[openasocket]

I was literally toying around with some of these ideas today. I had the thought that you could take some time series data, compute the velocities and positions over time, and use that to try and learn the metric tensors of it, assuming the time series data is following a geodesic on some manifold for the most part. And from there you could compute the symmetries and curvature of the system. I thought you could use that to try and define an energy for the system or some other conserved quantities, and then use that as an anomaly detector (change in the energy of the system means there was some outside interference).

[A_N_T_O_N_I_O]

Unbelievable. Your ""toy"" experimentation led you to such a intriganting and curious mechanism to time series forecasting. Regardless of what I tell you, I wouldn't be capable of expressing my interest in your statement. It might be exciting to move forward and dive deeper in your idea. I will definitely jump on it.

[kk58]

I was looking at a similar approach, my question is how do parameterize the manifold and how do you map points on the manifold if it's irregular -think filamentous, so that path trace can be done

And in general this is a question of interest.
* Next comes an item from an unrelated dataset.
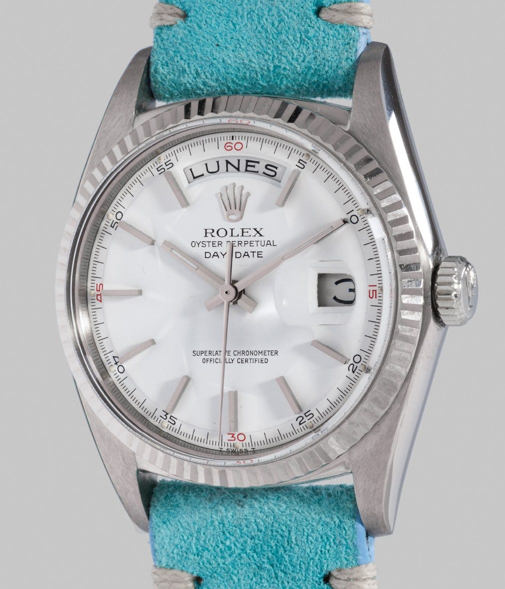 The present watch bears the reference 1803, one of the longest serving Day-Date reference. It is fitted with an incredible immaculate white dial with red quarter, and the days are indicated in Spanish. Freshly serviced by Rolex, the present watch is in excellent condition and the vivid turquoise blue strap gives it a very appealing summertime look.

Are graphs really a good discrete approximation of a manifold?

[A_N_T_O_N_I_O]

I hope you find these two resources useful to address your question. I'm also pretty integrated about the possible answers, but I definitely bet on doing it using graphs. I'm preparing a detailed and concrete explanation on why I guess this conclusion but that one will need to wait for now!

For now as I have already told you, check out these ones.

https://ncatlab.org/nlab/show/manifold

https://www.youtube.com/watch?v=LvmjbXZyoP0

[A_N_T_O_N_I_O]

Would you like to explore this and other ideas related to the field and contemplate some kind of potential collaboration?